Ну а что касаемо Ледяного дома… В ледяную спальню после пышного пира с шутовскими почестями привели князя-шута Михаила Голицына по прозвищу Квасник и уродливую калмычку Буженинову. Дом был выстроен в честь их свадьбы, молодым предстояло провести ночь в ледяной постели, и нарочно поставленная стража стерегла, чтоб не вздумали уйти до рассвета.
Ничего, насмешливо скривил губы Бирон, они пережили эту ночь! Судя по тому, что Буженинова вскоре забеременела, для согреву был избран самый надежный и действенный способ. А чудеса Ледяного дома вскоре поблекли перед новыми развлечениями пышного двора императрицы Анны.
Кстати, до нее русского двора в буквальном смысле этого слова, со сложной организацией и декоративной пышностью, как такового не существовало. Ни при Петре I, ни при Екатерине, ни, само собой, при взбалмошном мальчишке Петре II не существовало. Анна назначила множество придворных чинов и приемы на определенные дни, она давала балы и устроила театр. На празднества по случаю ее коронации король Август II (да-да, тот самый папенька приснопамятного красавца Морица Саксонского!) прислал из Дрездена нескольких итальянских актеров, и Анне Иоанновне захотелось иметь постоянную итальянскую труппу.
Желания русской женщины достаточно, чтобы… Бирон помнил эту фразу Лефорта, ставшую афоризмом. Театр появился, и отныне дважды в неделю «интермедии» чередовались с балетами. В балетах выступали воспитанники кадетского корпуса, обучавшиеся у француза, учителя танцев по имени Ланде. Вслед за итальянской драмой появилась итальянская опера с семьюдесятью певцами и певицами под управлением французского композитора Араглиа. Поскольку Анна знала только по-немецки, придворный поэт Тредиаковский переводил для нее французские тексты, и государыня следила за спектаклем с книжкой в руках.

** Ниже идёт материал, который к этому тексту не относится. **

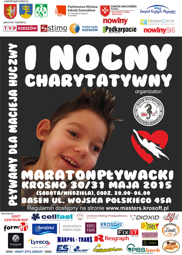 I Nocny Maraton Charytatywny uzyskał wsparcie gminy Wojaszówka, skąd pochodzi Maciek oraz Miasta Krosna, gdzie działa Klub Pływacki Masters.

А впрочем… Впрочем, Бирон знал свою подругу и повелительницу до кончиков ногтей, а потому понимал: увлечение театром — всего лишь дань моде. Поистине радовали и веселили Анну забавы совершенно другого рода. И если кому-то (в том числе и самому Бирону) они казались низменными, то этому «кому-то» (в том числе и самому Бирону!) рекомендовалось заткнуться и не болтать языком попусту. Исключительно ради сбережения языка. Потому что Анна была на расправу по-прежнему быстра.
Пуще итальянских арий нравились ей русские песни, певшиеся беспрерывно и во весь голос, и голосистых девок во дворец было набрано без счету. И она приближала к себе не только утонченных франтов и франтих вроде Левенвольде или Лопухиной, но и бывших кухонных девок (одна из них теперь зовется статс-дамой Анной Федоровной Юшковой) или судомоек (фрейлина Маргарита Монахова). От Юшковой была особенная польза: она стригла ногти императрице, а также фавориту и его семье.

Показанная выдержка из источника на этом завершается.